The Romney administration should consider adopting a public defender system. Salaried public defenders are usually paid far less than the private lawyers who take cases by the hour; in Massachusetts, public defenders earn a starting salary of just over $15 an hour plus benefits. And though it's true that public defenders usually insist on carrying a smaller caseload than assigned counsel, a downside from the state's point of view, there is a good reason. Public defenders-most of whom represent the indigent for ideological reasons-care about caseload as well as cash. Ardent, committed public defenders like this are precisely who the state should be recruiting. And given that the single biggest predictor of the quality of a public defender's work is caseload, manageable caseloads are in the interest of any state looking to provide good, rather than constitutionally adequate, representation.

Public defender offices provide additional benefits. Most offer ancillary services indigent defendants need including investigators, social workers, and lawyering that addresses homelessness, drug addiction, mental illness, and other problems that often bring defendants into contact with the criminal system in the first place.

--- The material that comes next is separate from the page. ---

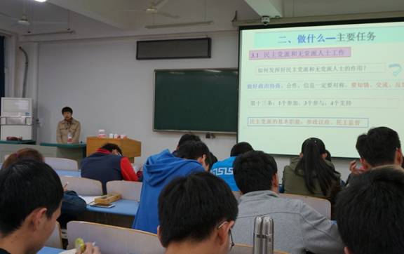 第三、四讲由校统战部部长唐勤和校组织部陈汉英分别给同学们作主题为《党的统一战线》和《党员发展程序》的讲座。第五讲由91短视频

Make no mistake about it: Assigned-counsel rates should rise. But raising them without a re-examination of standards or the establishment of a well-funded public defender system replete with caseload caps and ancillary services, is only burying the larger issue. As recent Massachusetts history demonstrates, leaving the budget and quality of indigent defense in the hands of the political process is likely to produce a system of underfunded inadequate representation-something no one cares much about, at least until the innocent are exonerated, or the next arrested felons are let go.

David Feige is a public defender in the South Bronx and a Soros media fellow. He is currently at work on a book about the criminal justice system.